12.2. We shall be entitled to terminate the Contract immediately by written notice to you if:
12.2.1. You commit a material breach of the Contract and, in the case of such a breach which is capable of remedy, you fail to remedy the same within 7 days of receipt of a written notice specifying the breach and requiring it to be remedied,
12.2.2. You make any voluntary arrangement with your creditors or (being an individual or firm) become bankrupt or (being a company) become subject to an administrative order or go into liquidation, or an encumbrance takes possession or a receiver is appointed over any of your property or assets, or you cease or threaten to cease business, or an equivalent or analogous event occurs in any other jurisdiction.
12.2.3. Any termination of the Contract shall not prejudice any rights or remedies which may have accrued to either party.
13.1. If any dispute arises between the parties with respect to translation or other similar services provided by us, then such dispute shall, at the request of either party, be referred to a person agreed between the parties or (in default of agreement within 7 days of notice from either party) to a person chosen on the application of either party by the Chairman for the time being of the Institute of Translation and Interpreting.
13.2. Such a person shall be appointed to act as an expert and not as an arbitrator, and the decision of that person shall be final and binding.
13.3. The cost of such an expert shall be borne equally by the parties, unless such expert otherwise directs.
14.1. Neither party shall be liable to the other for any delay in, or failure of, performance of its obligations under the Contract arising from any cause beyond its reasonable control including act of God, government act, war, fire, flood, explosion or civil commotion.
14.2. We may engage any person, firm or company as our sub-contractor to perform any or all of our obligations, and we may assign any or all of our rights and obligations under the Contract.
14.3Any notice or other communication to be given under these conditions must be in writing and may be delivered or sent by prepaid first class letter post, facsimile transmission or e-mail. Any notice or document shall be deemed served: if delivered, at the time of delivery; if posted, 48 hours after posting; and if sent by facsimile transmission or e-mail, at the time of transmission.
14.4. No waiver by us of any breach of the Contract by you shall be considered as a waiver of any subsequent breach of the same or any other provision.
14.5. If any provision of these Terms and Conditions is or becomes invalid or unenforceable it will be severed from the rest of the Terms and Conditions so that it is ineffective to the extent that it is invalid or unenforceable and no other provisions of the Terms and Conditions shall be rendered invalid, unenforceable or be otherwise effected.
14.6. A person who is not party to this agreement shall have no right under the Contracts (Rights of Third Parties) Act 1999 to enforce any term of this agreement.

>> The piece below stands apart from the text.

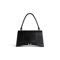 Hourglass Hinge Medium Handbag in black smooth calfskin with aged-silver hardware is in several looks of Balenciaga’s Spring 24 Collection. PRODUCT DETAILS • Dimensions: L12 x H6,7 x W4,1 inch • Handle drop: 6,7 inch • Smooth calfskin • Handbag • Curvilinear base • One folding handle • Adjustable and removable crossbody strap (20,5 inch) • Studded magnet closure • Aged-silver B logo hardware • 1 back pocket • 1 inner zipped pocket • 1 inner patch pocket • Nappa lambskin lining • Made in Italy • Wipe with a soft cloth Material: 100% calfskin

This clause does not affect any right or remedy of any person which exists or is available otherwise than pursuant to that Act.

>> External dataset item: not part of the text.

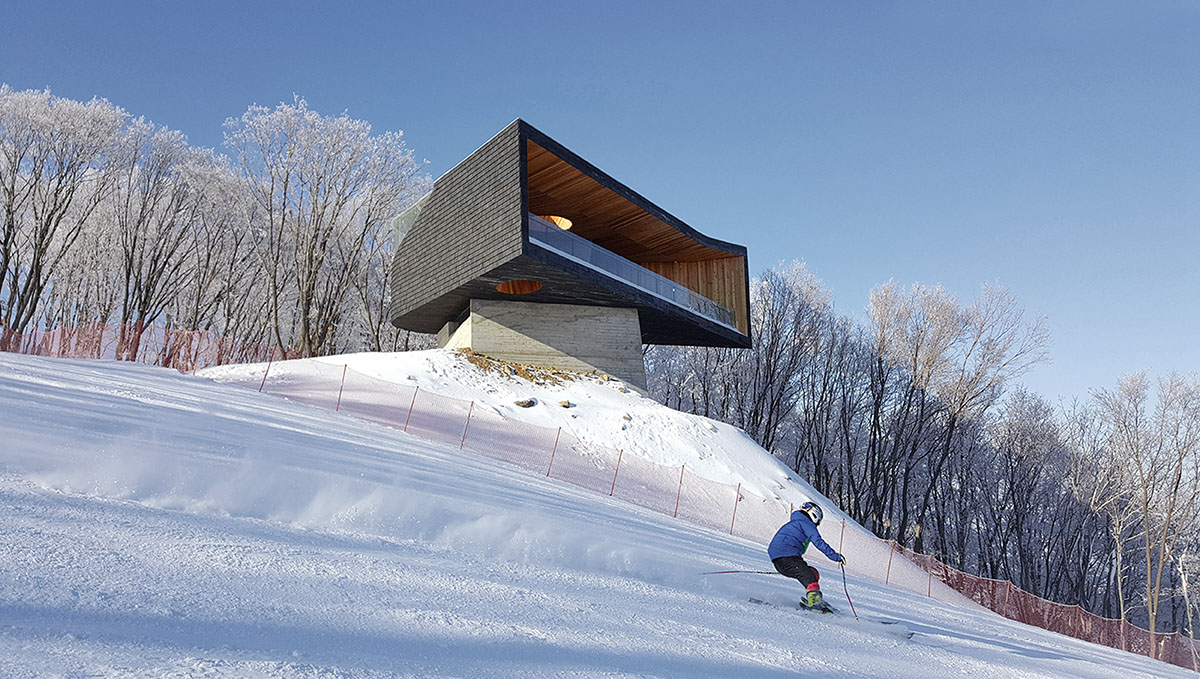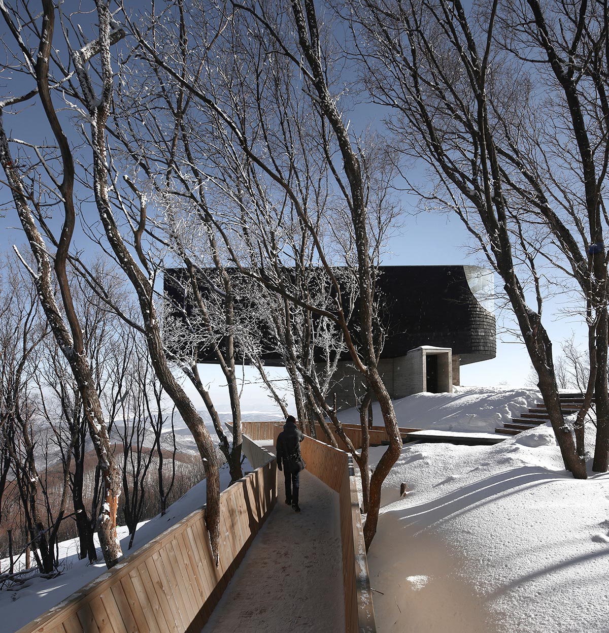 A triangular-shaped monolithic viewing platform raised above the ground is not just designed to look-out Chinese undulating landspace, but also provide a flexible public space for ski-lovers and travellers situated at Songhua Lake Resort in Ji Lin, China.

14.7The Contract (and any proceedings whereby one party might be entitled to join the other as a third party) shall be governed by and construed in all respects in accordance with English law and the parties hereby submit to the non-exclusive jurisdiction of the English courts.

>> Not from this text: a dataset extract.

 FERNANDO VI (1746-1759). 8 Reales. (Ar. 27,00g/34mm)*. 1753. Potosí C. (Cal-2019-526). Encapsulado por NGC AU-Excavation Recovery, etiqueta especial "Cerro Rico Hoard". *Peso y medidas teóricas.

14.8The Contract is the complete and exclusive statement of the agreement between the Parties relating to the subject matter of the Contract and the Services and supersedes all previous communications, representations and arrangements, written or oral. For the avoidance of doubt including but not limited to any heads of terns, memorandums of understanding, confidentiality agreements .You acknowledge that no reliance is placed on any representation made but not embodied in the Contract.
These terms and conditions are subject to change without prior written notice.